## PROMPT
When the line with "Déroulement des funérailles" turns up below, begin repeating exactly, and carry on through the line with "этом в улыбке;"; no pictures go into the copy.

## RECORDS FOR THE TASK

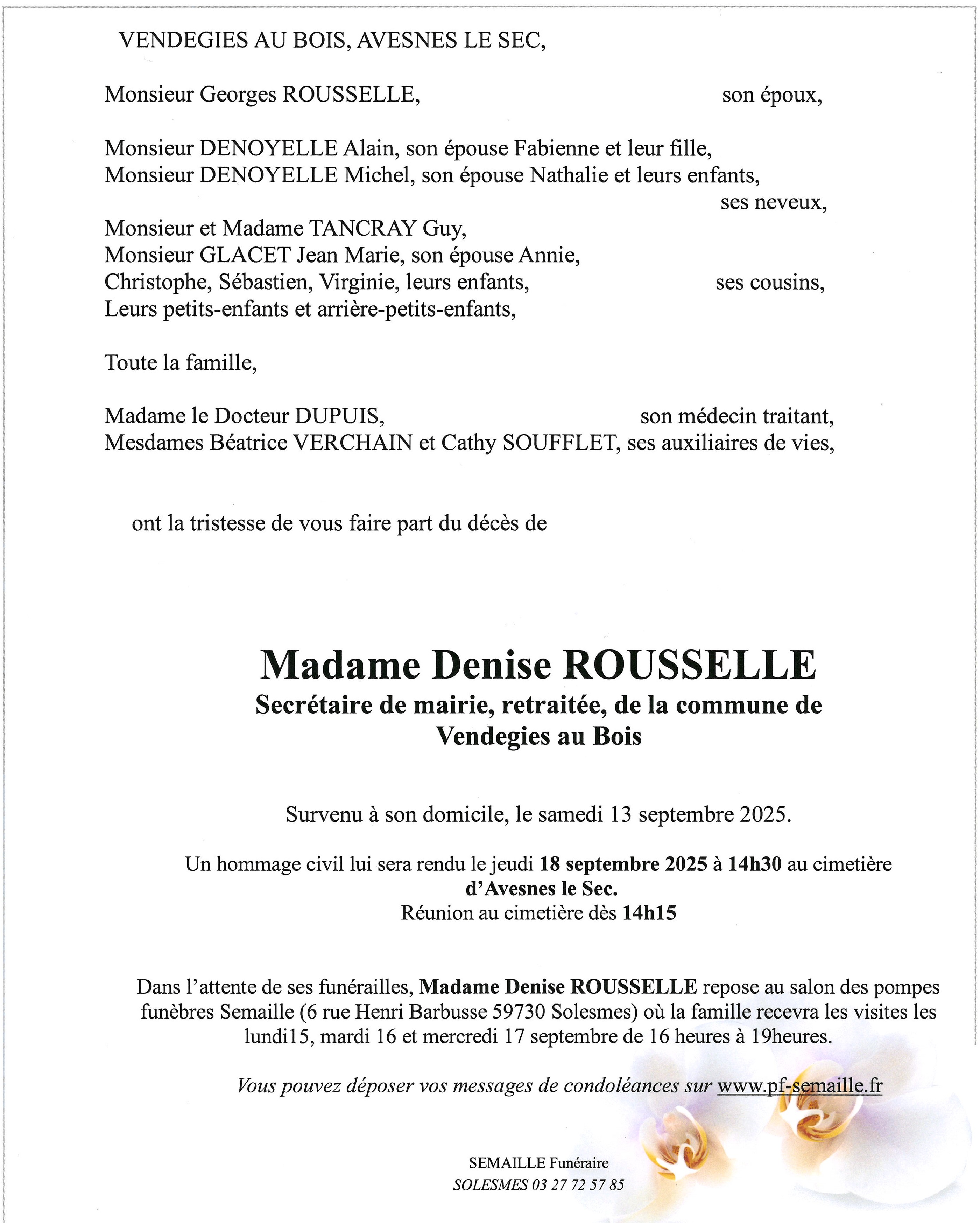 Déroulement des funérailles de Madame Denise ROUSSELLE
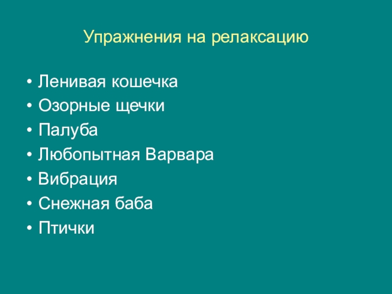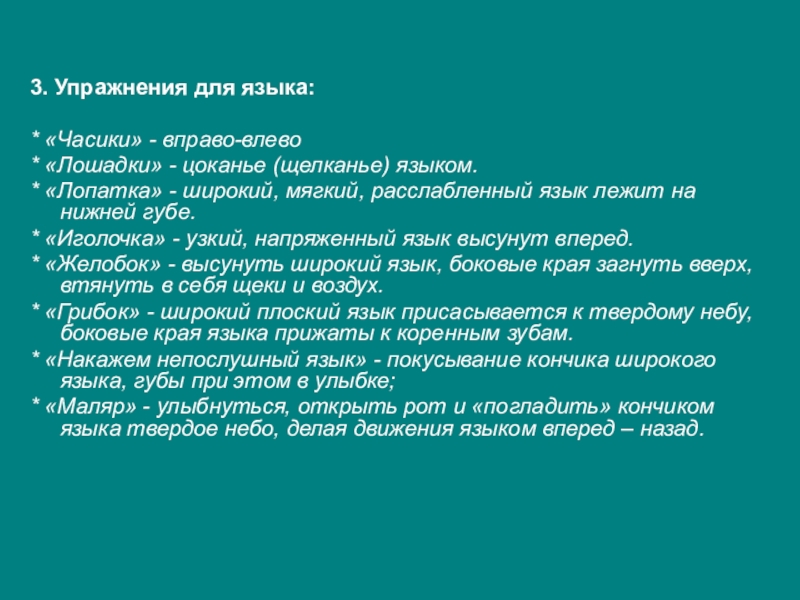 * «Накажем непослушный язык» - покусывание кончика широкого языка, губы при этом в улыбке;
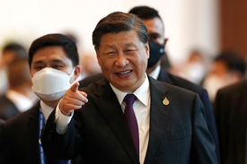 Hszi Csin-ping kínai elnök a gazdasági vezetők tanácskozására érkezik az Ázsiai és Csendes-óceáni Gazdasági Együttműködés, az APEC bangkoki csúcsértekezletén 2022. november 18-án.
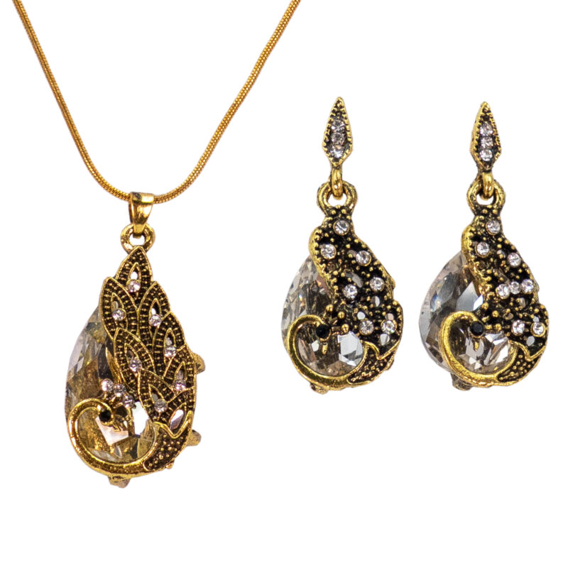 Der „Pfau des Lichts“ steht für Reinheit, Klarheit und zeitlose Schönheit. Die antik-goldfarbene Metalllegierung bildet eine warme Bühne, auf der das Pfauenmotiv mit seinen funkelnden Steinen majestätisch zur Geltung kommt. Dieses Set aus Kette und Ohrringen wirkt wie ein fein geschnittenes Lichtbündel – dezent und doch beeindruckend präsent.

* * *

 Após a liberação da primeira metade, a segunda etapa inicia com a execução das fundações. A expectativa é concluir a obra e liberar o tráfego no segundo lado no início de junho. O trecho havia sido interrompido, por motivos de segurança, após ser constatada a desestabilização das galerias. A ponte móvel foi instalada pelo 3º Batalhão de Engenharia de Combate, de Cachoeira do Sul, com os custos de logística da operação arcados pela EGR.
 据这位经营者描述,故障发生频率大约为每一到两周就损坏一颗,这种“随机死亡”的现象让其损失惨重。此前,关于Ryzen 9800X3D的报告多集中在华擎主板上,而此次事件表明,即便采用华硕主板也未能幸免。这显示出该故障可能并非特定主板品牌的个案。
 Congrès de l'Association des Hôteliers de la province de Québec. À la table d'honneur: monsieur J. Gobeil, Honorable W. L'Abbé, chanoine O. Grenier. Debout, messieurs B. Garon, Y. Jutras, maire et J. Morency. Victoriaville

## RESPONSE TO THIS TASK
 Déroulement des funérailles de Madame Denise ROUSSELLE
 * «Накажем непослушный язык» - покусывание кончика широкого языка, губы при этом в улыбке;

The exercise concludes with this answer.